There are other movements of robins in London which it will be more in order to notice in the next chapter.
CHAPTER VIII
MOVEMENTS OF LONDON BIRDS
Migration as seen in London—Swallows in the parks—Fieldfares—A flock of wild geese—Autumn movements of resident species—Wood-pigeons—A curious habit—Dabchicks and moorhens—Crows and rooks—The Palace daws—Starlings—Robins—A Tower robin and the Tower sparrows—Passage birds in the parks—Small birds wintering in London—Influx of birds during severe frosts—Occasional visitors—The black-headed gull—A winter scene in St. James’s Park.
The seasonal movements of the strict migrants are little noticed in London; there are few such species that visit, fewer still that remain any time with us. And when they come we scarcely see them: they are not like the residents, reacted on and modified by their surroundings, made tame, ready to feed from our hands, to thrust themselves at all times upon our attention. Nevertheless we do occasionally see something of these shyer wilder ones, the strangers and passengers; and in London, as in the rural districts, it is the autumnal not the vernal migration which impresses the mind. Birds are seldom seen arriving in spring. Walking to-day in some park or garden, we hear the first willow-wren’s delicate tender warble among the fresh April foliage.
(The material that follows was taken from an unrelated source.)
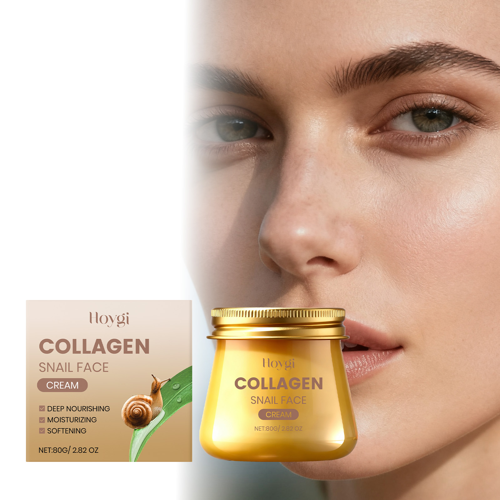 我们的胶原蜗牛弹润面霜,由甘油、矿油、甘油硬脂酸酯精心调配而成。专为深层补水,增强肌肤弹性,改善干燥松弛设计。使用方法极为便捷:1.清洁面部肌肤并保持干燥。2.取适量本品均匀涂抹在面部肌肤。3.轻柔按摩促进吸收即可。并且它可以增强皮肤光泽度和紧致度,使肌肤焕发健康光彩,适合各种肤质,深层滋润,让肌肤柔软光滑细腻。

It was not heard yesterday, but the small modest-coloured singer may have been there nevertheless, hidden and silent among the evergreens. The birds that appear in the autumn are plainly travellers that have come from some distant place, and have yet far to go. Wheatears may be seen if looked for in August on Hampstead Heath, and occasionally a few other large open spaces in or near London. In September and October swallows and martins put in an appearance, and although they refuse to make their summer home in inner London, they often come in considerable numbers and remain for many days, even for weeks, in the parks in autumn.
It has been conjectured that the paucity of winged insect life in London is the cause of the departure of swallows and house-martins as breeding species. Yet in the autumn of 1896, from September to the middle of October, hundreds of these birds lived in the central and many other parks in London, and doubtless they found a sufficiency of food in spite of the cold east winds which prevailed at that time.
Among the winter visitors to the outskirts of the metropolis, the fieldfare is the most abundant as well as the most attractive. During the winters of 1895-6 and 1896-7 I saw them on numberless occasions at Wimbledon, Richmond, Hampstead Heath, Bostell Woods, Hackney Marsh, Wanstead, Dulwich, Brockwell Park, Streatham, and other open spaces and woods round London. In the gardens of the outer suburbs there is always a great profusion of winter berries, and the felts seen in these places are probably regular visitors. Certainly they are tamer than fieldfares are apt to be in the country, but they seldom penetrate far into the brick-and-mortar wilderness. I have seen a few in Kensington Gardens, and in November, 1896, a few fieldfares alighted on a tree at the Tower of London. Stranger still, in February 1897 a flock of wild geese was observed flying over the Tower: the birds went down the river flying low, as it was noticed that when they passed over the Tower Bridge they were not higher than the pinnacles of the two big towers.